Not to be outdone, Scarnivale added:

“On the plus side (it isn't much)​But umps can only zap by touch.​So if zapped you'd rather not be,​Don't go touchin' no umpleby!”​
The crowd clapped furiously at the quick-wittedness of the bards' responses; Willowquisp merely sighed in frustration that his presentation was being used in such a crass fashion.  Seeing the two bards had come to a temporary halt, he pressed on.

“Upon depleting all of its electrical reserves, the umpleby has a unique response: it immediately falls fast asleep.  This naturally puts it at quite a disadvantage, so most umplebies tend to leave at least a small amount of electrical energy set aside to prevent their bodies from shutting down in such a way, choosing to go 'all out,' as it were, only in the most dire circumstances, when fighting for their very lives.  In any case, as the umpleby sleeps it recharges its electrical reserves.”  Willowquisp then stopped talking, having learned by now that if he continued he was likely to be interrupted in any case.  Sure enough, Scarnivale continued his musical discourse with the following:

“Now umps only hold so much charge​And while the quantity seems large,​When it's all gone, without a peep,​The ump curls up and goes to sleep.​And once the ump sleeps long enough​He recharges his zapper stuff.”​
Sensing no further interruptions for the moment, Willowquisp continued.  “Umplebies are thought to have only a very low level of intellect but they are quite capable of speech, although they seldom choose to speak aloud and when they do speak they do so only in a halting fashion.  Despite being the size of an ogre, umplebies have only been heard speaking our own common tongue, never the languages of giants.  It is believed they are reluctant to engage with giants – they have yet to be seen trafficking with giants of any type in the field – perhaps fearing they will be robbed of the various treasures they like to amass.

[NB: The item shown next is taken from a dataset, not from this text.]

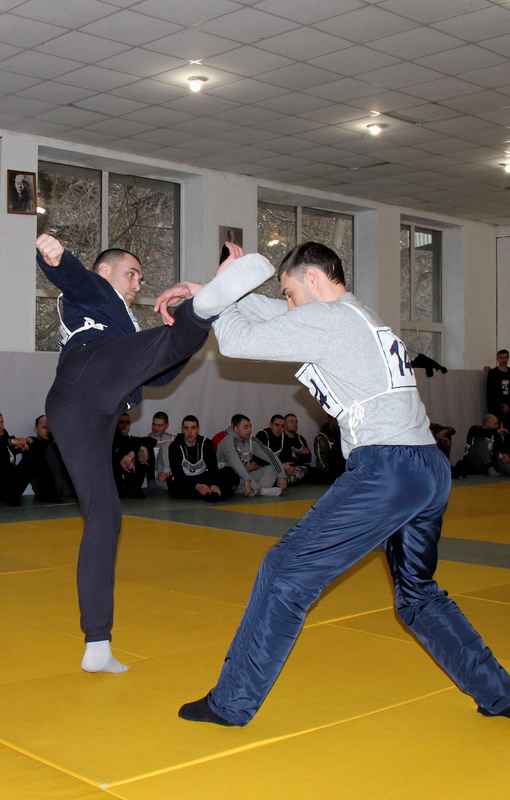 У перерві між іспитами перед учасниками виступив президент Всеукраїнської федерації рукопашного бою Олександр Гартвич, який не тільки продемонстрував деякі з прийомів, а й пояснив техніку затримання залежно від пори року.

“This leads to another interesting fact about umplebies: they have an intrinsic ability to find treasure, even through barriers of solid rock.  Umplebies have been observed detecting large amounts of precious metals and gems at a range of up to 100 feet away.*[6]*  It is for this reason that many adventuring bands go out of their way to generate a friendship with an umpleby, but it should be noted the umpleby – despite its low intellect – is well aware of the intrinsic values of the items it unearths and expects to be granted a fair portion of such treasures*[7]*; those who are cheated of their rightful shares generally depart from their new-found 'friends' immediately thereafter.”

Willowquisp paused to see if either of the bards would be able to do anything with the information he'd just dropped, but apparently neither was able to come up with any ditties about the umpleby's inherent treasure-finding abilties.  He was about to press on when the strummed strings of Scarnivale's lute indicated the red-clad bard had come up with a line or two after all.  He sang:

“Now here's something that won't get old:​An umpleby can sniff out gold!​And gems as well, so in the end​I think I'd like one as a friend!”​
Before starting again, Willowquisp looked over at Jaspernyck to see if he had anything in the hopper he'd start singing as soon as the sage started speaking.  But the lyrist shook his head slightly, indicating for Willowquisp to continue on.  With a sigh, he did so.


*NOTES

4.*  This is not limited to normal foodstuffs, either.  Once an umpleby has accepted someone as a friend, he generally eats or drinks anything offered to him by his new buddy, whether it was intended as food or not.  Paper or parchment maps and scrolls, leather scroll cases, and even socks and boots have been devoured by umplebies in the mistaken belief that their friend, who once gave them food, was merely doing so yet again.  Fortunately, umplebies enjoy a quite robust digestive system and seldom experience gastrointestinal distress from imbibing things not normally deemed edible.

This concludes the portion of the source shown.